Friday, December 6, 2013

Rob-bed!

And like that, Robinson Cano has left for the coast

The Yankees off-season began by-the-book, paying a hefty sum to fill a gaping hole.  It then took a wild and unexpected turn, as the Yanks turned a former enemy into a very rich man, spending $21 million a year to slightly upgrade a position that had already been filled for far less.  But then this morning, the whole enterprise careened right off the rails.

Insulted by both the Yankees lack of urgency to sign him, and the lavish sums thrown at an outsider, Cano took his proverbial ball and went home.  To his new home, that is, to Safeco Field in Seattle.  There's little question that Cano had wanted to remain a Yankee, and I believe he would have come back to the Bronx for less than what it cost the Mariners to reel him in.  But if the Yankees wanted him back, they had a funny way of showing it.

Now I'll grant that the Mariners overpaid for Cano and gave him too many years.  Experience has shown that 10-year contracts are just not good, not for the player, not for the team and not for baseball.  And while Cano is the top 2nd-baseman in baseball, in 6 or 7 years, he won't be, even though he'll still probably be paid like he is.  As Albert Pujols will tell him, he'd better get off to a fast start, too. But unlike with Pujols and the Cardinals, Seattle's mistake is most certainly not the Yankees gain.

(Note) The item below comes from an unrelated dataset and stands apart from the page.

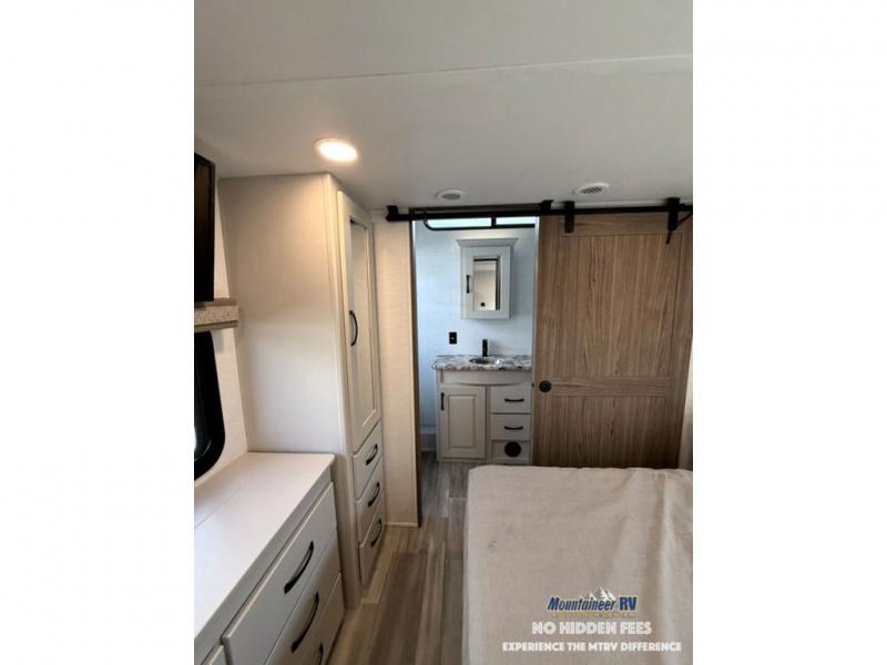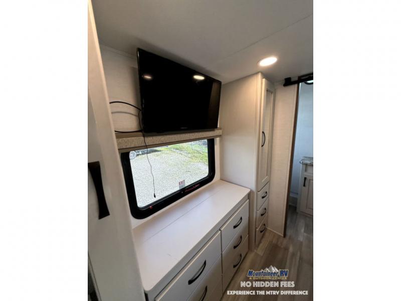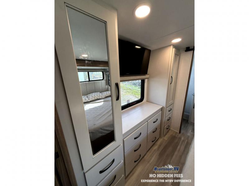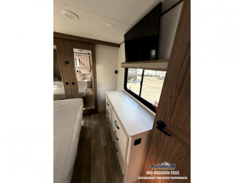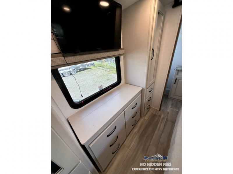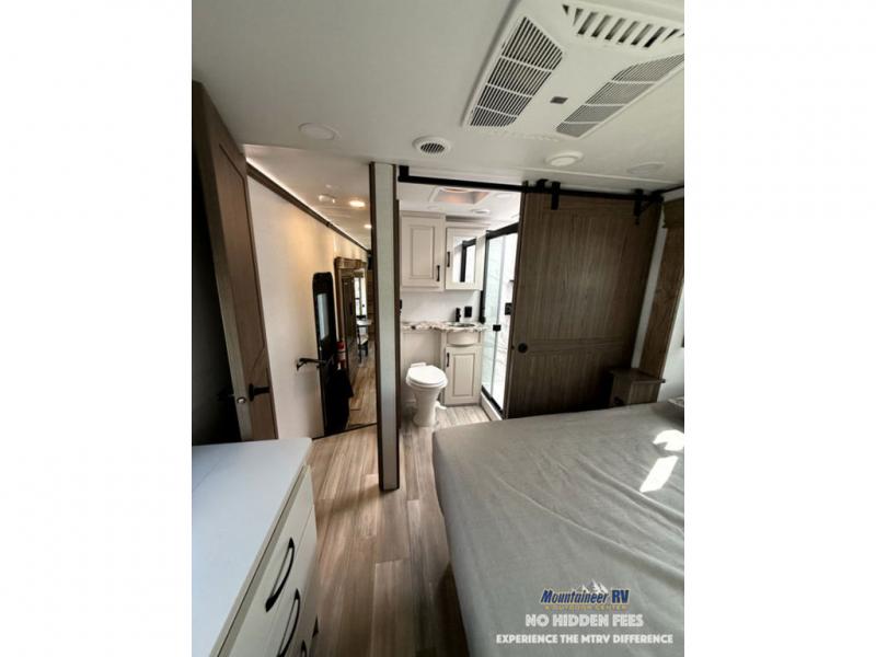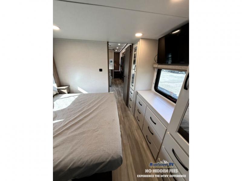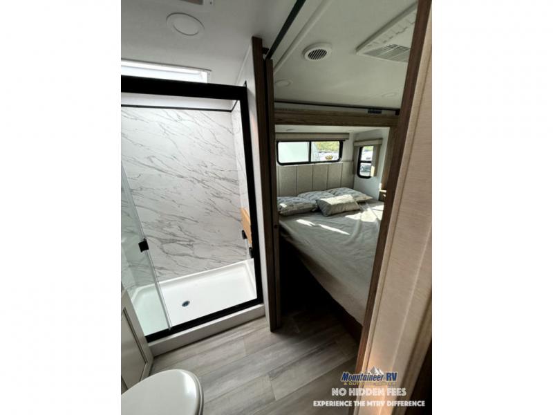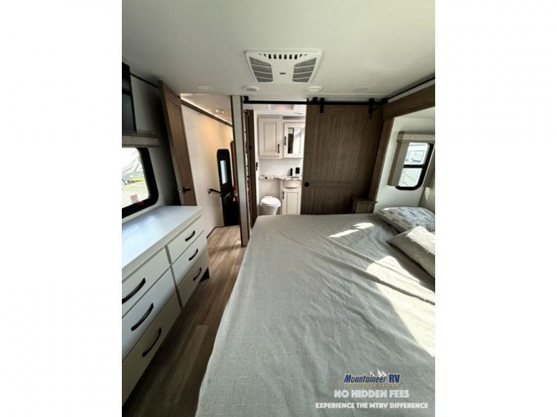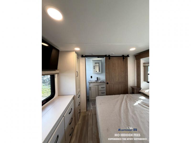 A spacious unit with sleeping for eight with plenty of choices to suit everyone! There is a front private bedroom with a king size bed that offers a large full front closet that has also been prepped for a washer and dryer if you choose that option. The front bath features a 40" x 30" shower and dual entry. Head down to the kitchen and living space at the bottom of the stairs to find a curbside slide that houses the 19 cu. ft. residential refrigerator, a pantry, and a dinette with four chairs. As you continue on toward the rear of this coach, you will find a spacious living area along the roadside with a 50" Smart TV and a fireplace, a sofa sleeper slide, and a dual reclining loveseat. This makes a great gathering place for television watching, game playing, and even added sleeping space if needed at night. The rear private bedroom with its own private bath features a queen bed, two closets, and a Smart TV as well. The multipurpose loft area above can be accessed just before this rear bedroom entry by a ladder, and it is perfect for extra storage, or it can be used for added sleeping that the kiddos are sure to love.

The Yankees now have no second baseman and have lost their top offensive player.  They have no one at third -- whether or not A-Rod plays in 2014 -- and several holes in the rotation.  But that didn't stop Brian Cashman from giving a ridiculous contract -- length and dollars -- to the wholly overrated Ellsbury while they already had a bonafide center-fielder and lead-off man in Brett Gardner.  What sort of signal did that send Cano?

The Winter Meetings haven't even started and the Yankees have already achieved an entire off-season of drama.  The 2014 Yankee team is far from complete, and the team still has time to fix a lackluster yet top-heavy roster.  But by losing their home-grown star in a game of chicken, the Yankees haven't shown any organizational leadership or plan for building a team beyond opening a checkbook and seeing who wants their money.  Should the Yankees fail to right the ship and miss out on the post-season two years in a row (for the first time since the '92-'93 seasons, by the way) it should spell the end of Brian Cashman's tenure in the Bronx.  I'd be willing to sit out the playoffs again for that.